About this exercise
Look below for the line that has "12月18日晚,太阳成集团t"; output exactly from it through the line that has "KIT 3 Barbante nº6 c/ 1,8kg EuroRoma - Preto", and leave the pictures out.

Supplied material
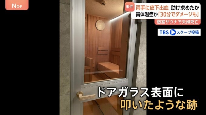 東京・赤坂の個室サウナ店で夫婦が死亡した火事。妻を守ろうとしたのか、夫は妻に覆い被さるように倒れていました。その夫の両手には皮下出血があり、ドアのガラスを叩いて外に懸命に助けを求めたとみられています…
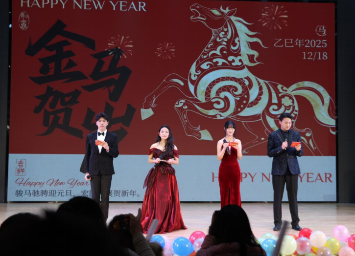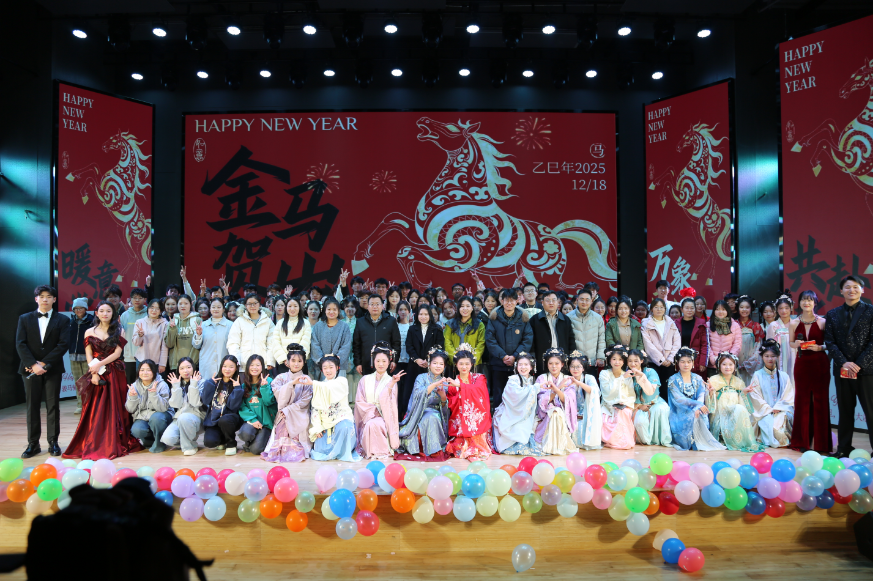 12月18日晚,太阳成集团tyc539在南湖校区教一楼113演播厅举办2026年“元旦新启,暖意常安”元旦晚会。院党总支书记胡志国、教学秘书王娜、学工干事陈苗苗、太阳成集团tyc539全体辅导员老师及200余名师生参加晚会。本次晚会由苏敬铭、汪栩正、吕思莹、范佳琪主持。
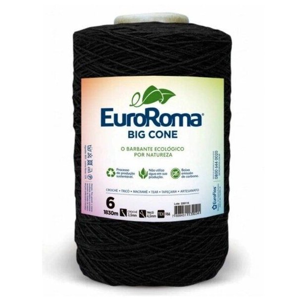 KIT 3 Barbante nº6 c/ 1,8kg EuroRoma - Preto
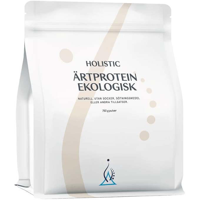 Holistic Ärtprotein Ekologisk är ett naturellt vegetabiliskt proteinpulver gjord på ärtprotein utan socker eller sötningsmedel. Ärtproteinpulvret är ett proteinkoncentrat från gula ärtor med mild smak, komplett aminosyraprofil och har hög proteinhalt. Protein bidrar till att öka muskelmassa, samt bibehålla muskelmassa och normal benstomme. Blandas med vätska som proteindrink eller i smoothies men kan också användas i matlagning och bakning. Passar även dig som är känslig mot mjölkprodukter, soja eller gluten. Tillverkat av GMO-fri och ekologisk råvara. 750 g.

Answer box
 12月18日晚,太阳成集团tyc539在南湖校区教一楼113演播厅举办2026年“元旦新启,暖意常安”元旦晚会。院党总支书记胡志国、教学秘书王娜、学工干事陈苗苗、太阳成集团tyc539全体辅导员老师及200余名师生参加晚会。本次晚会由苏敬铭、汪栩正、吕思莹、范佳琪主持。
 KIT 3 Barbante nº6 c/ 1,8kg EuroRoma - Preto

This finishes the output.